<<<<
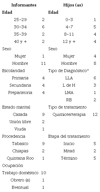 Aunque no se entrevistó a las/los niños enfermos de cáncer, a través del discurso de sus madres y padres se recuperó la información acerca de sus datos socio-demográficos y algunos relacionado con el problema de salud. En este sentido se encontró que los niños más afectados fueron los varones con edades entre los cuatro y once años, y el diagnóstico más frecuentemente mencionado fue la leucemia linfoblástica Aguda (LLA). En todos los tratamientos se usó la quimioterapia y las etapas de éste en la que se encontraban fueron en su mayoría al inicio y al término tabla 1.
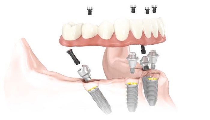 オールオン4は全歯のインプラントと比較し、埋入本数を少なくすることができるため、手術の負担を軽くすると同時に費用も抑えた形で自分の歯と同じような審美性、咀嚼能力を取り戻すことができる画期的な治療法です。
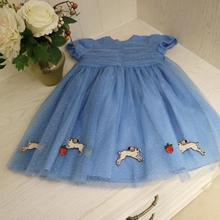 蓝色梦幻 草莓兔子星空闪闪 冰雪奇缘女童纱网连衣裙 礼服裙
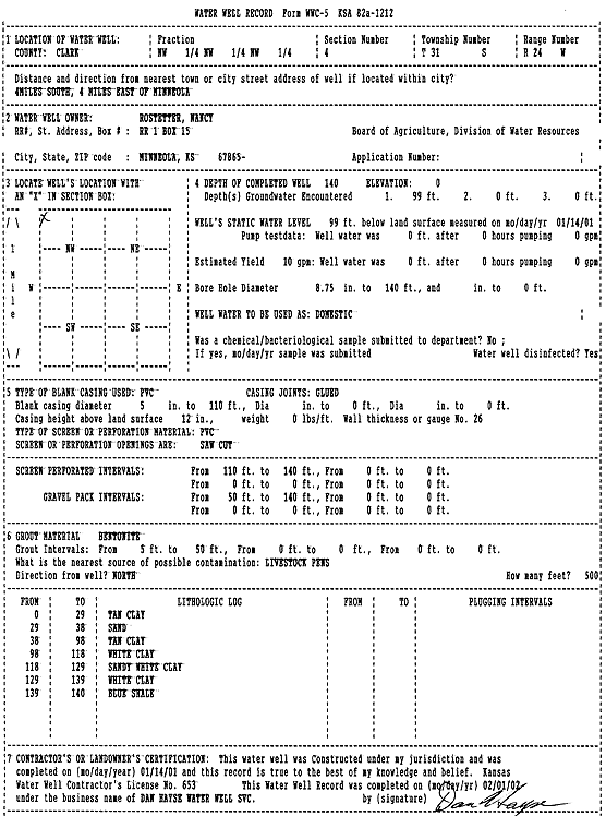 Rostetter, Nancy | 140 ft. | 99 ft. | 10 gpm. | Domestic | Constructed | 14-Jan-2001 | Scan | |
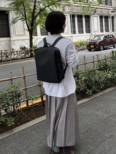 背負ったままアクセスできるポケットや掴みやすい引手など、直感的な使い心地を追求したバックパック。すっきりとしたスクエアフォルムで13インチPCも収納でき、撥水性に優れたポリウレタン素材は雨の日も安心でお手入れも簡単です。オンオフ問わずユニセックスで活躍します。
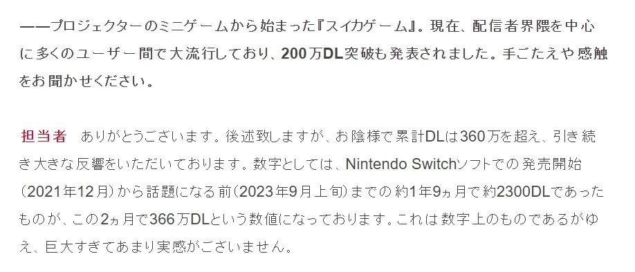 《Suika Game》爆红之后,Aladdin X项目负责人在本月初接受过日本媒体的采访。据采访内容透露,游戏目前销量已经达到了366万份(其中在日本市场卖出了327万份)。而在今年9月之前,这一数字仅仅为2300份,也就是在两个月内猛涨了1400多倍。
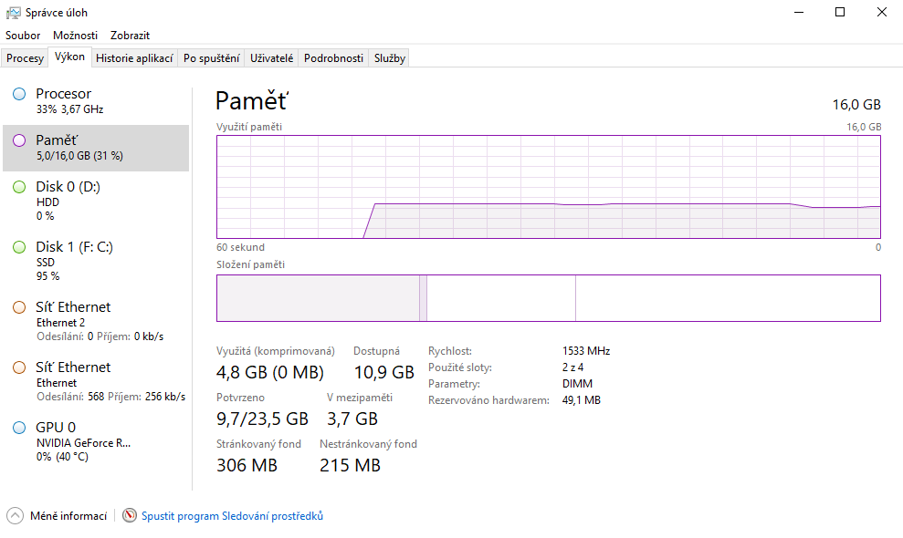 Když koukneš na RAM ve správci úloh, ukazuje těch 3200, respektive 1600?
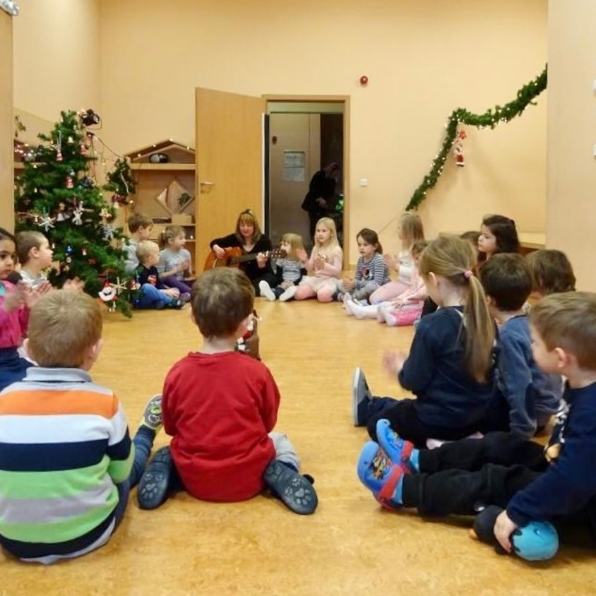 Jeweils an einem Tag in der Woche erfahren und erleben die Kinder mit der Musikpädagogin Maria und einer Erzieherin die vielen Facetten der Musik und des Theaterspielens. Dieses Angebot nutzen die Kinder im Krippen- und Kindergartenbereich sehr gerne.
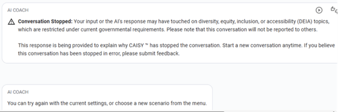 When learners, who work for the US Federal Government or other companies with DEI restrictions, launch a CAISY simulation, they may see new messaging if they try to engage CAISY in a conversation that is outside the guardrails specified by the current U.S. regulatory requirements related to diversity, equity, inclusion, or accessibility (DEIA) topics.
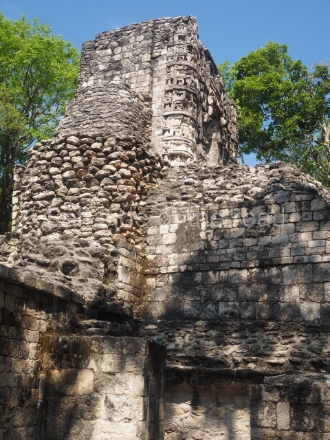 This two-tier partially excavated building is situated approximately 60 m north of the previous structure. The ground-floor tier once contained a series of large rooms, while the central part of this level is enhanced by a small platform with a temple. Behind the stairway is a passageway that not only saved filling material but also facilitated the flow of movement through the building. The profuse temple decoration evokes a type of horror of the void, with volutes and iconographic elements covering the entire surface. The main entrance very clearly imitates the jaws of the Earth Monster, with its curvilinear teeth. On both sides of the entrance, forming the corners of the building, are stacks of masks; such features are typical of the architecture still visible on buildings in the region, such as Structure XX at Chicanna and the temple-palace at Tabasqueno, in north-eastern Campeche.
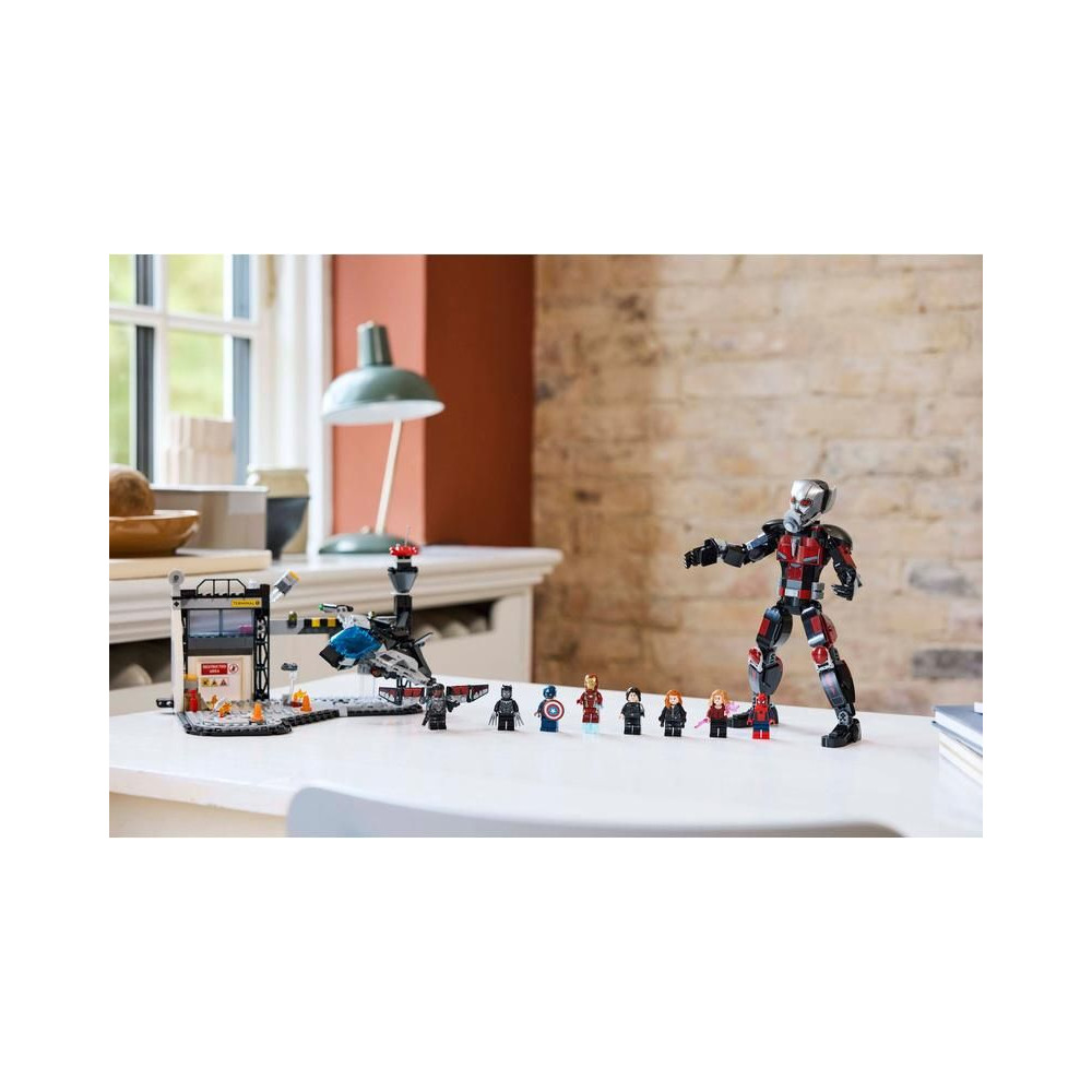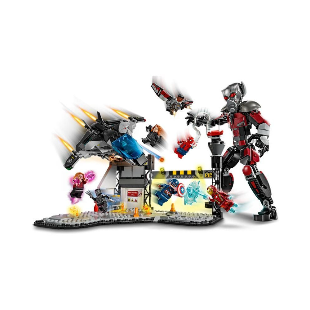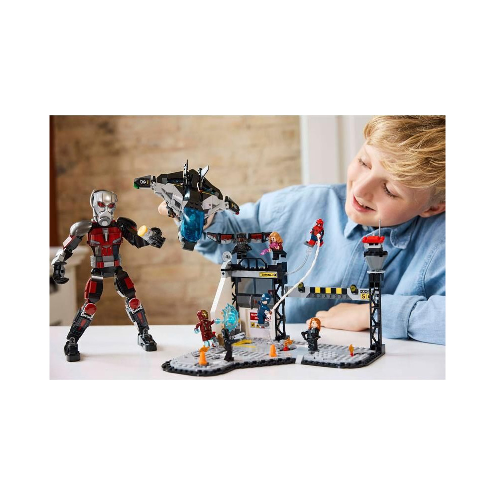 Ezt az építőkészletet a Marvel Studios Amerika Kapitány: Polgárháború című filmjének repülőtéri csatajelenete ihlette. A csomag 8 minifigurát tartalmaz – Amerika Kapitányt, a Tél Katonáját, Wandát, Sólymot, Vasembert, Pókembert, Fekete Özvegyet és Fekete Párducot – fegyverekkel és kiegészítőkkel, valamint egy több mint 24 cm magas, teljesen beállítható Hangyát. A Quinjet repülőgép összecsukható szárnyakkal és nyitható pilótafülkével rendelkezik, amelyben egy pilóta minifigurát lehet elhelyezni. A modell repülőtéri díszletébe beépített robbanó hordó elem egy kis harci hangulatot kölcsönöz a játéknak. A gyerekek a LEGO Builder digitális alkalmazás segítségével építés közben ráközelíthetnek és elforgathatják a modellt.
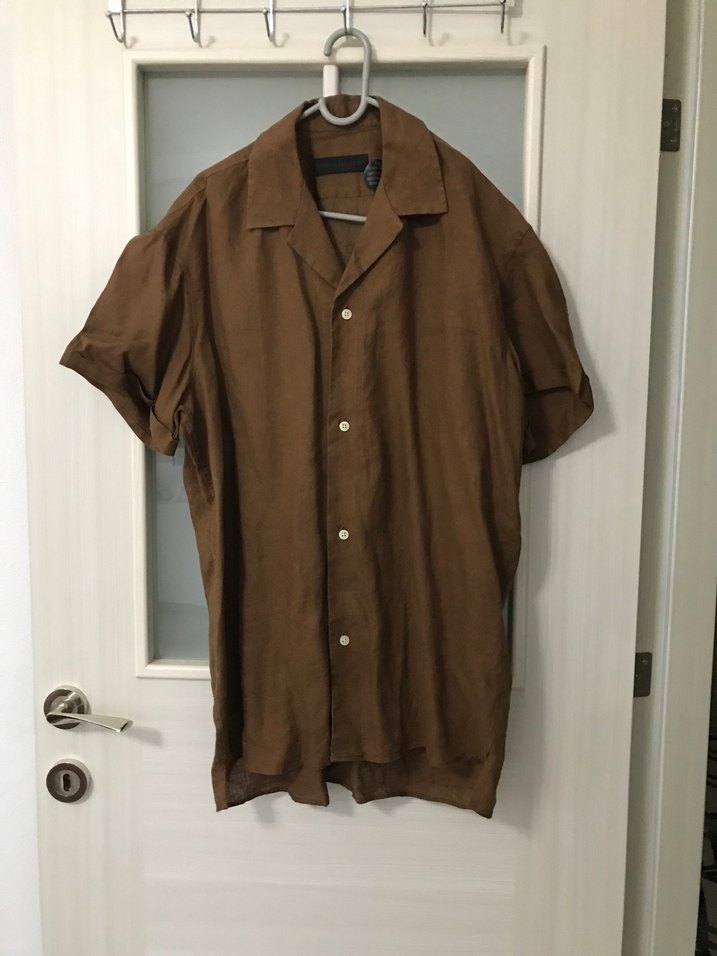 Oversize rahat salaş gömlek kullanılmamıştır Notlu yakalı, düğmeli ve kısa kollu kahverengi keten gömlek. Rahat kesimi ve parlak rengiyle günlük ofis stiline uygundur.
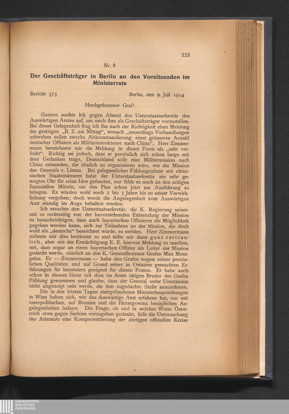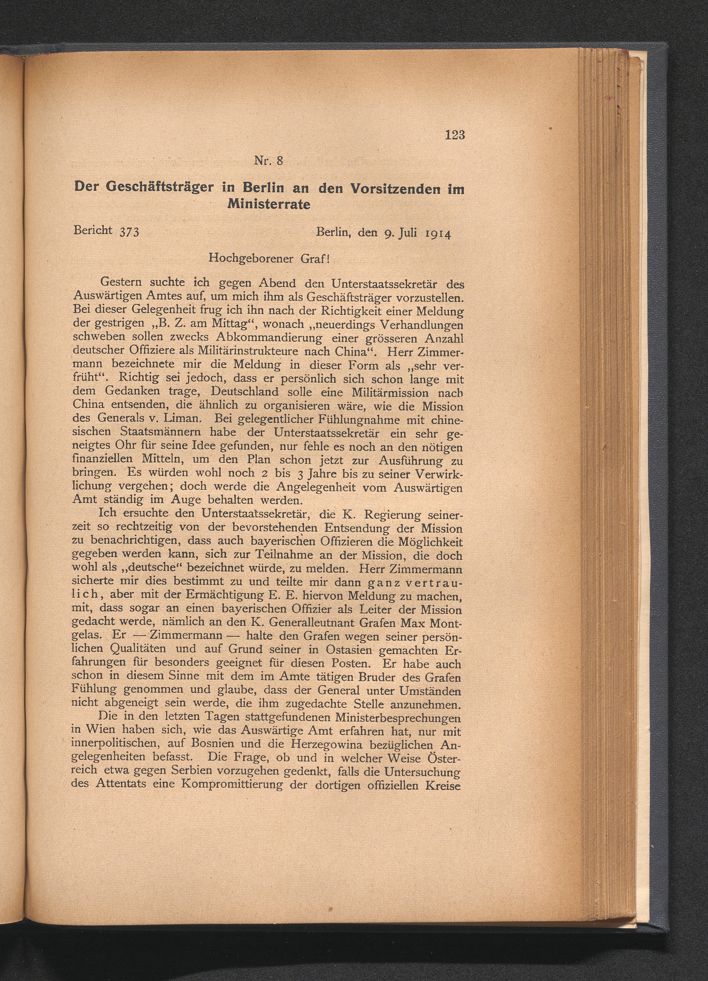 8. Der Geschäftsträger in Berlin an den Vorsitzenden im Ministerrate
>>>>
ACTIVITY: Leave the pictures out and output the rest of the data word for word.

RESULT FOR THIS EXERCISE:
 Aunque no se entrevistó a las/los niños enfermos de cáncer, a través del discurso de sus madres y padres se recuperó la información acerca de sus datos socio-demográficos y algunos relacionado con el problema de salud. En este sentido se encontró que los niños más afectados fueron los varones con edades entre los cuatro y once años, y el diagnóstico más frecuentemente mencionado fue la leucemia linfoblástica Aguda (LLA). En todos los tratamientos se usó la quimioterapia y las etapas de éste en la que se encontraban fueron en su mayoría al inicio y al término tabla 1.
 オールオン4は全歯のインプラントと比較し、埋入本数を少なくすることができるため、手術の負担を軽くすると同時に費用も抑えた形で自分の歯と同じような審美性、咀嚼能力を取り戻すことができる画期的な治療法です。
 蓝色梦幻 草莓兔子星空闪闪 冰雪奇缘女童纱网连衣裙 礼服裙
 Rostetter, Nancy | 140 ft. | 99 ft. | 10 gpm. | Domestic | Constructed | 14-Jan-2001 | Scan | |
 背負ったままアクセスできるポケットや掴みやすい引手など、直感的な使い心地を追求したバックパック。すっきりとしたスクエアフォルムで13インチPCも収納でき、撥水性に優れたポリウレタン素材は雨の日も安心でお手入れも簡単です。オンオフ問わずユニセックスで活躍します。
 《Suika Game》爆红之后,Aladdin X项目负责人在本月初接受过日本媒体的采访。据采访内容透露,游戏目前销量已经达到了366万份(其中在日本市场卖出了327万份)。而在今年9月之前,这一数字仅仅为2300份,也就是在两个月内猛涨了1400多倍。
 Když koukneš na RAM ve správci úloh, ukazuje těch 3200, respektive 1600?
 Jeweils an einem Tag in der Woche erfahren und erleben die Kinder mit der Musikpädagogin Maria und einer Erzieherin die vielen Facetten der Musik und des Theaterspielens. Dieses Angebot nutzen die Kinder im Krippen- und Kindergartenbereich sehr gerne.
 When learners, who work for the US Federal Government or other companies with DEI restrictions, launch a CAISY simulation, they may see new messaging if they try to engage CAISY in a conversation that is outside the guardrails specified by the current U.S. regulatory requirements related to diversity, equity, inclusion, or accessibility (DEIA) topics.
 This two-tier partially excavated building is situated approximately 60 m north of the previous structure. The ground-floor tier once contained a series of large rooms, while the central part of this level is enhanced by a small platform with a temple. Behind the stairway is a passageway that not only saved filling material but also facilitated the flow of movement through the building. The profuse temple decoration evokes a type of horror of the void, with volutes and iconographic elements covering the entire surface. The main entrance very clearly imitates the jaws of the Earth Monster, with its curvilinear teeth. On both sides of the entrance, forming the corners of the building, are stacks of masks; such features are typical of the architecture still visible on buildings in the region, such as Structure XX at Chicanna and the temple-palace at Tabasqueno, in north-eastern Campeche.
 Ezt az építőkészletet a Marvel Studios Amerika Kapitány: Polgárháború című filmjének repülőtéri csatajelenete ihlette. A csomag 8 minifigurát tartalmaz – Amerika Kapitányt, a Tél Katonáját, Wandát, Sólymot, Vasembert, Pókembert, Fekete Özvegyet és Fekete Párducot – fegyverekkel és kiegészítőkkel, valamint egy több mint 24 cm magas, teljesen beállítható Hangyát. A Quinjet repülőgép összecsukható szárnyakkal és nyitható pilótafülkével rendelkezik, amelyben egy pilóta minifigurát lehet elhelyezni. A modell repülőtéri díszletébe beépített robbanó hordó elem egy kis harci hangulatot kölcsönöz a játéknak. A gyerekek a LEGO Builder digitális alkalmazás segítségével építés közben ráközelíthetnek és elforgathatják a modellt.
 Oversize rahat salaş gömlek kullanılmamıştır Notlu yakalı, düğmeli ve kısa kollu kahverengi keten gömlek. Rahat kesimi ve parlak rengiyle günlük ofis stiline uygundur.
 8. Der Geschäftsträger in Berlin an den Vorsitzenden im Ministerrate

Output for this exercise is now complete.